The museum announced plans to relocate to Central Oregon last year, as part of a larger move by Erickson Group Ltd., the company that owns the bulk of the WWII-era planes displayed in Tillamook. A new Erickson venture retrofitting commercial jets to serve as firefighting air tankers, Erickson Aero Tanker settled on Madras as its base of operations, and company founder Jack Erickson opted to relocate the museum as well.
Mike Oliver, general manager of the Tillamook Air Museum and future manager of the museum in Madras, said seven planes have made the journey over the mountains already. If weather conditions hold, plans call for flying most of the rest to Madras before the end of the month, starting Sunday.
All but two of the 25 planes in Erickson’s collection are airworthy, Oliver said.
A new, 65,000-square-foot hangar that will house the planes at the Madras Airport is nearly complete, Oliver said. For now, planes including a B-17 Flying Fortress, an AD-4W Skyraider and an F4U-7 Corsair, are parked in the 44,000-square-foot hangar built in 2010 to spur new investment and activity at the airport.
The museum has not set an opening date, Oliver said, but it’s likely to be sometime after the Airshow of the Cascades on Aug. 22-23.

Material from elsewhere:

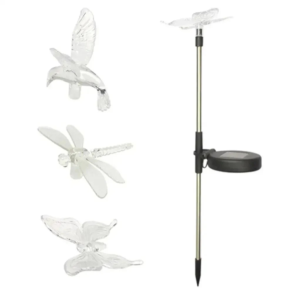 This solar-powered LED stake lights, featuring a vibrant hummingbird, butterfly and dragonfly. Automatically recharges during the day and illuminates your evenings - eco-friendly, weatherproof and easy to install.

A handful of Erickson-owned planes, including the B-17 and a P-51 Mustang, were featured at last year’s air show. This year, Oliver said the entire Erickson collection should be on display, and the B-17 will be sporting a new look.

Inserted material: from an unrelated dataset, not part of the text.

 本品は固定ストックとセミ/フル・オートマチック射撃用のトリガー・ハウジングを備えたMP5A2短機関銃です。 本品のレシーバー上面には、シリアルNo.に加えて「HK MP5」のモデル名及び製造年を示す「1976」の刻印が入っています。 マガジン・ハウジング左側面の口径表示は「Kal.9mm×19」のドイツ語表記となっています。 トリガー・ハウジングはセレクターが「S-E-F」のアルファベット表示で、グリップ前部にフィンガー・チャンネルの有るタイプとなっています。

At last summer’s air show, Tillamook Air Museum staff photographer Lyle Jansma said Erickson acquired the B-17 as a nod to the history of the Madras Airport, which was expanded to serve as a training base for B-17 pilots during World War II. At this summer’s air show, the public will get its first look at the plane with a new paint job and new name, the “Madras Maiden.”
Oliver said the current plan is to unveil the new-look of the B-17 on the first day of the air show, the same day the city plans to dedicate a memorial to B-17 pilots and crew on the airport grounds.
With Erickson’s collection on the way to Madras, the fate of what remains in Tillamook is somewhat uncertain.
The museum’s lease on a World War II-era blimp hangar continues through 2016, Oliver said, and for now, the plan is to keep the Tillamook museum open with a smaller collection of planes on loan from private collectors and the Navy.